§ Provided material
◇ ◇ ◇ ◇

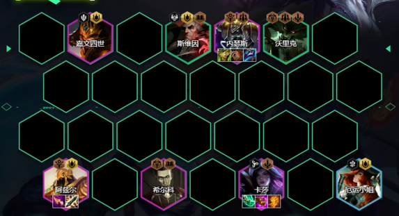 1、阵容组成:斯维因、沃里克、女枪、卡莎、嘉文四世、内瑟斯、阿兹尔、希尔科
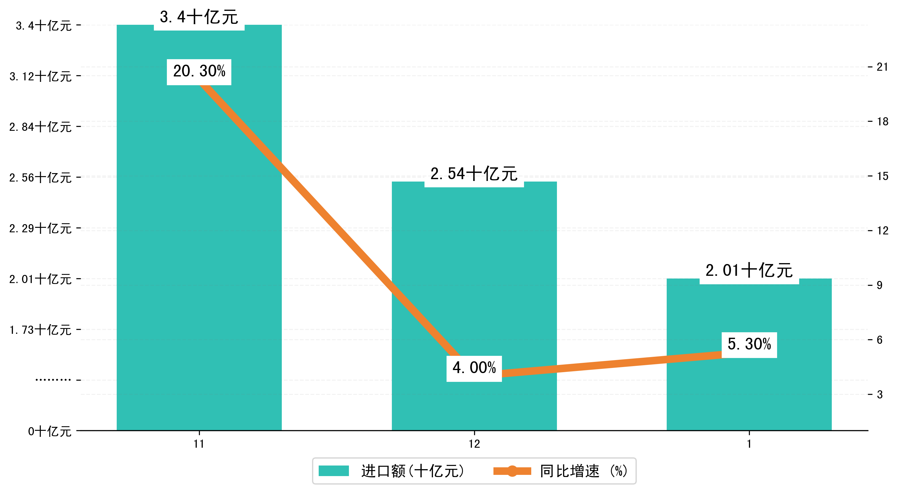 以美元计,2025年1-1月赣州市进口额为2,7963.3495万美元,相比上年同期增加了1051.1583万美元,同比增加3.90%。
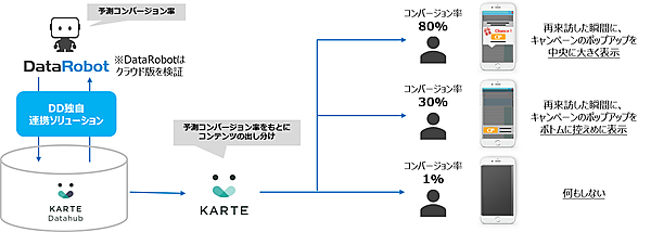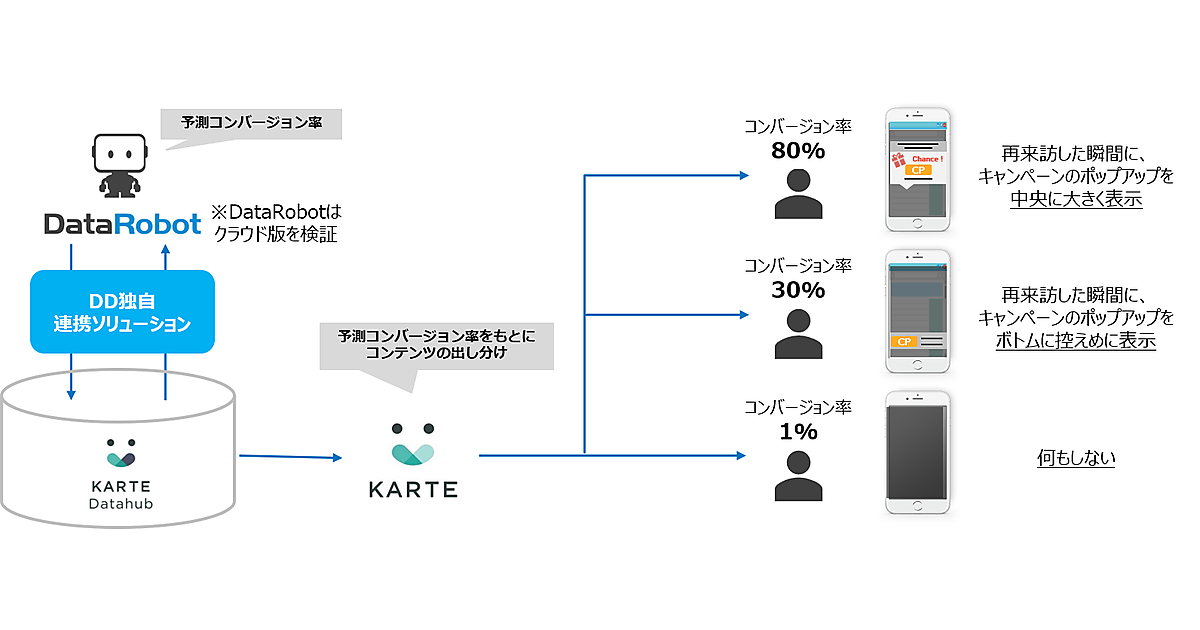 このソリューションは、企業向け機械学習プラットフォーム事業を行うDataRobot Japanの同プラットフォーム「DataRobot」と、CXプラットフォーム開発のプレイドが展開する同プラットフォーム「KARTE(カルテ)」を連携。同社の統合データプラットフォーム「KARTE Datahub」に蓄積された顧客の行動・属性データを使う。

◇ ◇ ◇ ◇

§ Description of the task
What you write should match, word for word, the lines from the one containing "以美元计,2025年1-1月" to the end of the listing, with both ends kept and the pictures left out.

§ Exercise response
 以美元计,2025年1-1月赣州市进口额为2,7963.3495万美元,相比上年同期增加了1051.1583万美元,同比增加3.90%。
 このソリューションは、企業向け機械学習プラットフォーム事業を行うDataRobot Japanの同プラットフォーム「DataRobot」と、CXプラットフォーム開発のプレイドが展開する同プラットフォーム「KARTE(カルテ)」を連携。同社の統合データプラットフォーム「KARTE Datahub」に蓄積された顧客の行動・属性データを使う。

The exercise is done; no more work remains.